**Exercise**:
Before writing anything, find the line that contains "Для порівняння: нинішня", then retype the entries below exactly from their first line through that one, without pictures.

Records from a data collection
......
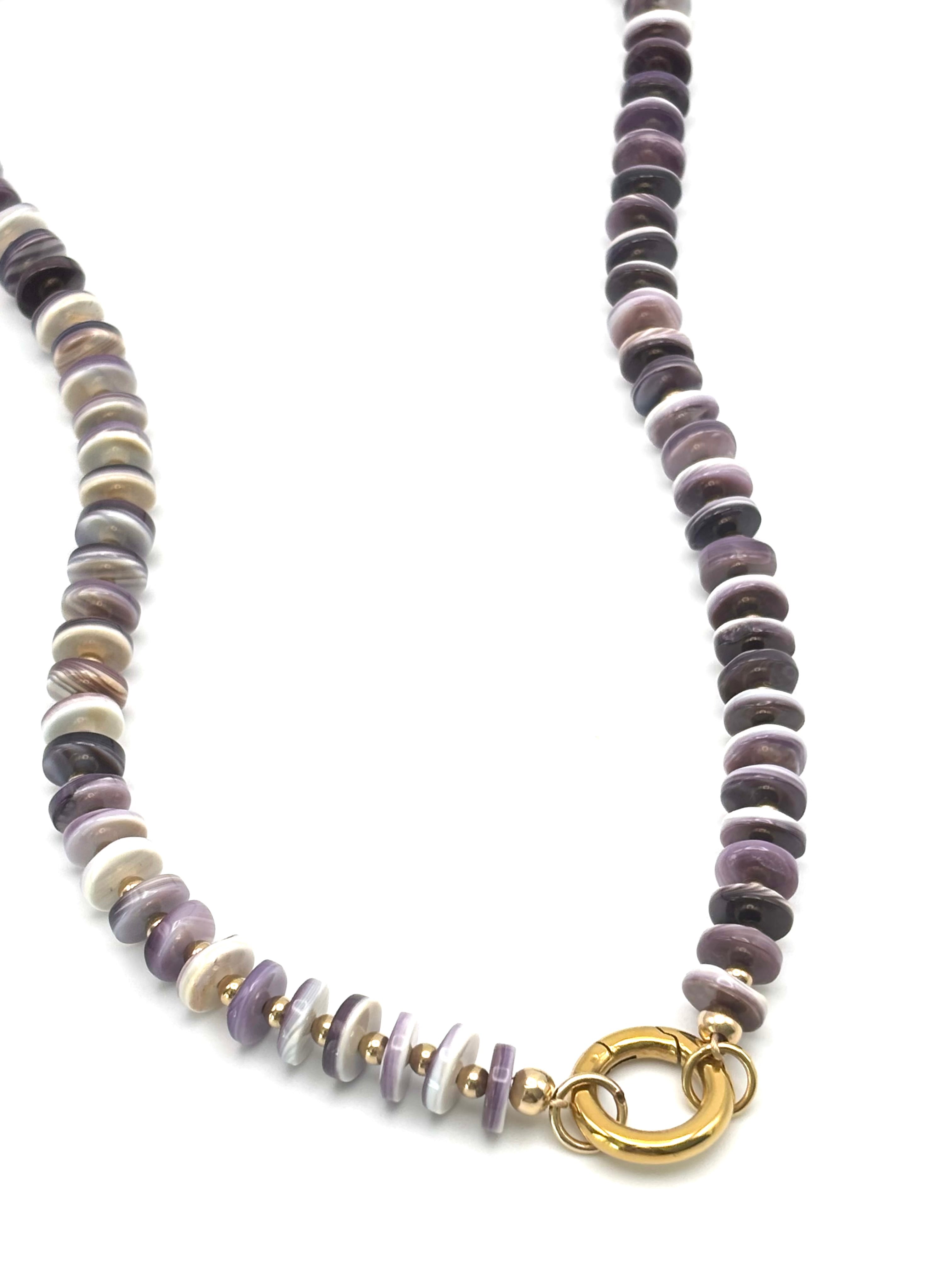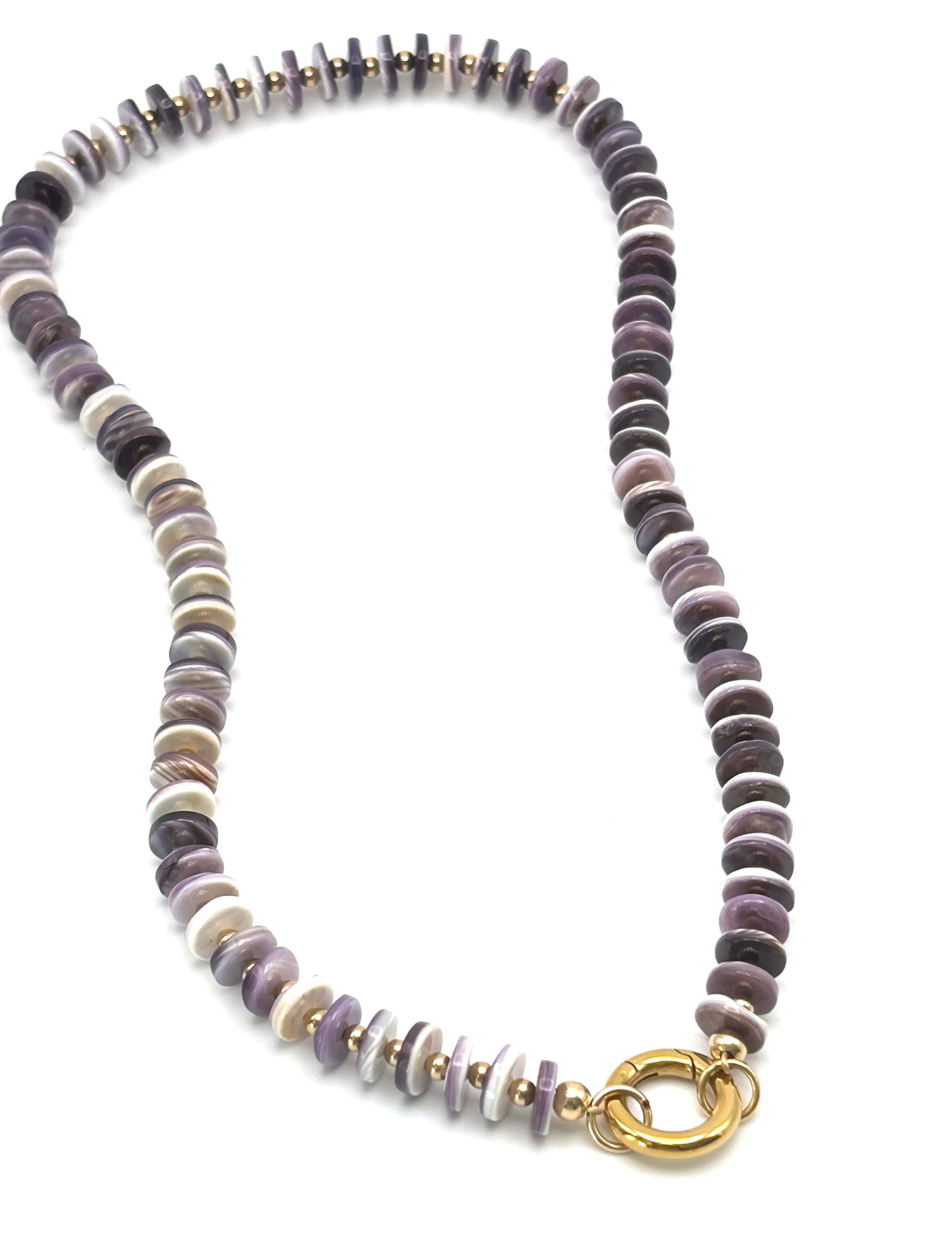 Made with wampum shell and gold filled beads. Includes a carabiner which allows you to add charms (click link to see charm options) or you can wear it, as is. Our carabiner necklaces define versatility!
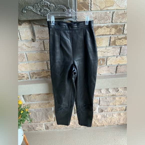 Vintage 90’S DANIER Black Leather Pants High Waisted Fitted Women’s Size 22” XXS
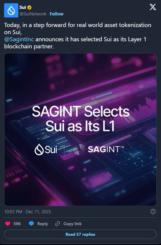 Sui 与 SAGINT 及 ReElement Technologies Corporation 合作,为精炼后的关键及稀土矿物部署基于区块链的代币化方案。这项举措展示了区块链在实物商品上的实际应用,从纯粹的数字资产迈向了现实世界的供应链基础设施。
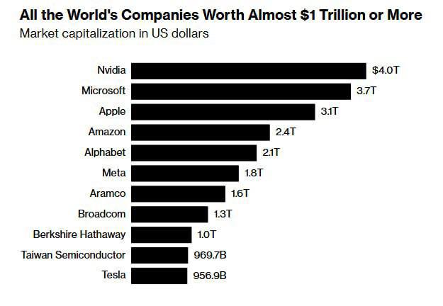 Для порівняння: нинішня капіталізація Nvidia перевищує сукупну вартість усіх компаній, що котируються на британських фондових біржах.
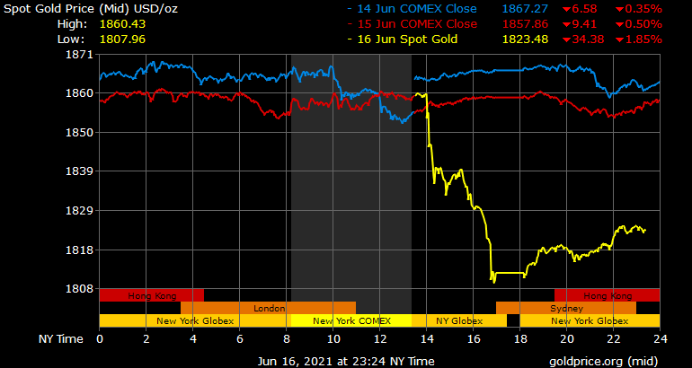 Vàng thế giới phiên ngày thứ Tư bị bán tháo ồ ạt do đồng USD và lợi suất trái phiếu Mỹ nhảy vọt, nhờ việc Fed nâng dự báo lạm phát từ 2,4% lên 3,4% trong năm nay và phát đi tín hiệu sẽ bắt đầu tăng lãi suất vào năm 2023, sớm hơn một năm so với dự kiến.
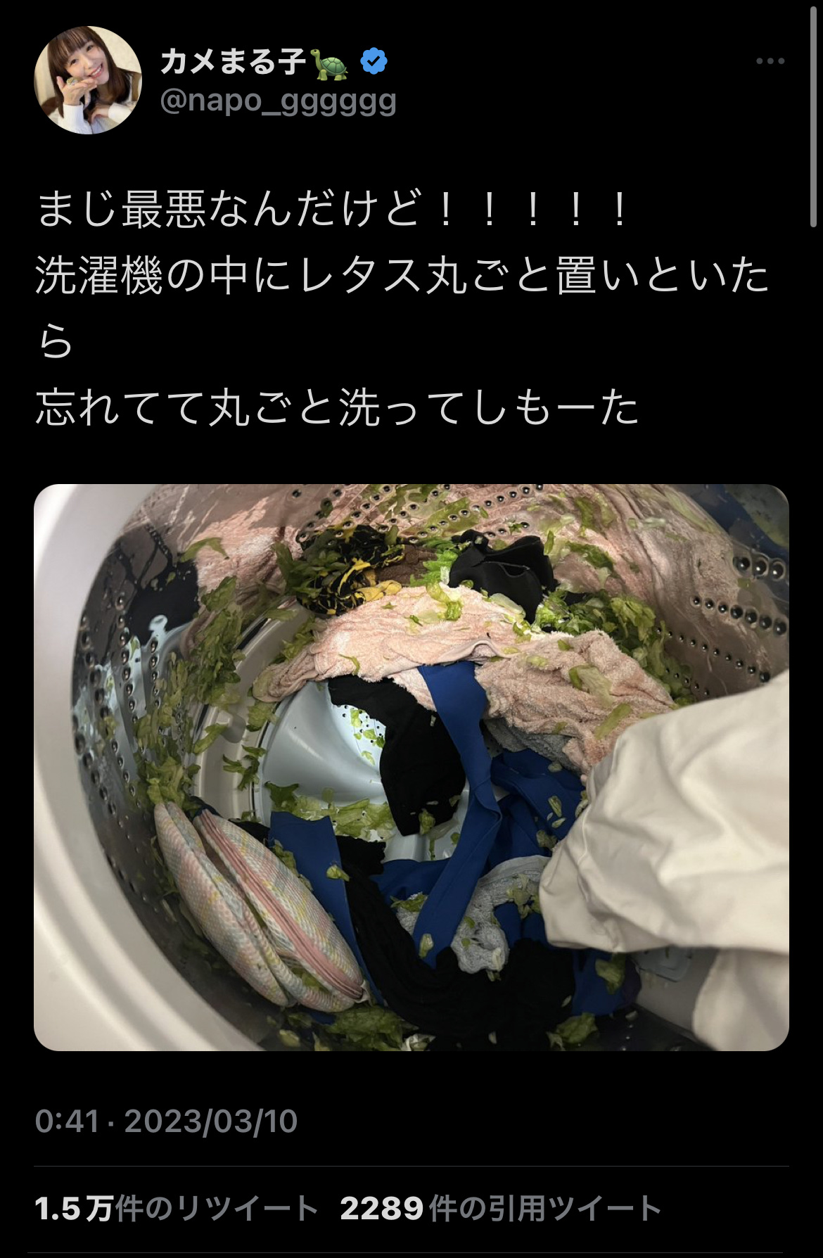 【悲報】まんさん、洗濯機の中にレタスを入れていた事を忘れそのまま洗濯してしまうwwwww (※画像あり) Twitter Facebook はてブ LINE コピー 2023.03.11 スポンサーリンク 1:以下、5ちゃんねるからVIPがお送りします:2023/03/10(金) 19:29:27.543 ID:PnO+07MV0 これだから 4:以下、5ちゃんねるからVIPがお送りします:2023/03/10(金) 19:30:30.734 ID:YaaTyE0Z0 パンティ見っけ 5:以下、5ちゃんねるからVIPがお送りします:2023/03/10(金) 19:31:06.876 ID:OH4HQK1/0 夜勤明けだとよくあるよな 冷凍庫の中に靴とかな 6:以下、5ちゃんねるからVIPがお送りします:2023/03/10(金) 19:31:35.071 ID:h+nRxAbb0 あたおか 続きを読む
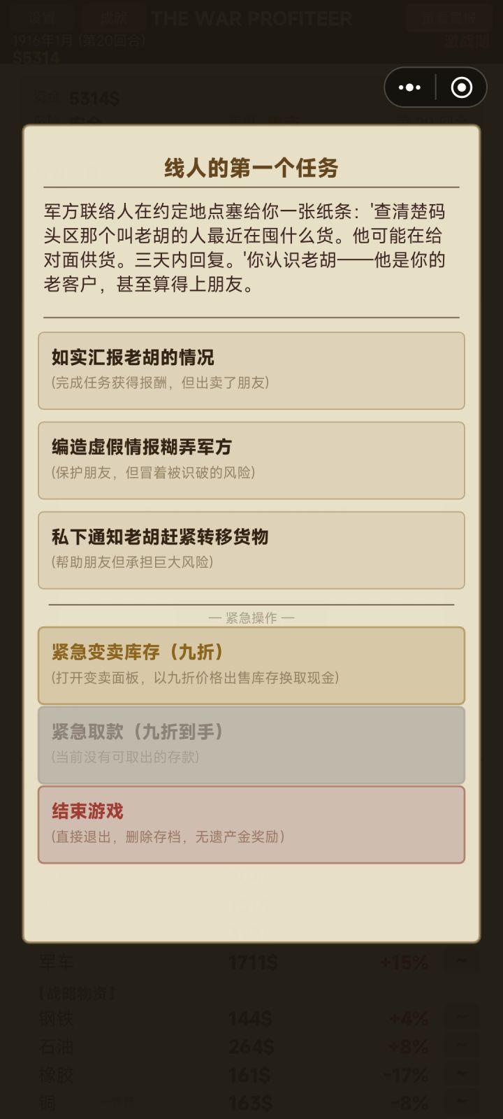 说实话期货太超标了,前面只需要凑够25w,后面除了激战其他时候全都无脑期货2中2就行了,一般民用物资和烟草全都赌-15~25就行了,基本输不了,每次用百分之20资金,一回合翻一倍几十回合下去就天文数字了
......
**Exercise output**:
 Made with wampum shell and gold filled beads. Includes a carabiner which allows you to add charms (click link to see charm options) or you can wear it, as is. Our carabiner necklaces define versatility!
 Vintage 90’S DANIER Black Leather Pants High Waisted Fitted Women’s Size 22” XXS
 Sui 与 SAGINT 及 ReElement Technologies Corporation 合作,为精炼后的关键及稀土矿物部署基于区块链的代币化方案。这项举措展示了区块链在实物商品上的实际应用,从纯粹的数字资产迈向了现实世界的供应链基础设施。
 Для порівняння: нинішня капіталізація Nvidia перевищує сукупну вартість усіх компаній, що котируються на британських фондових біржах.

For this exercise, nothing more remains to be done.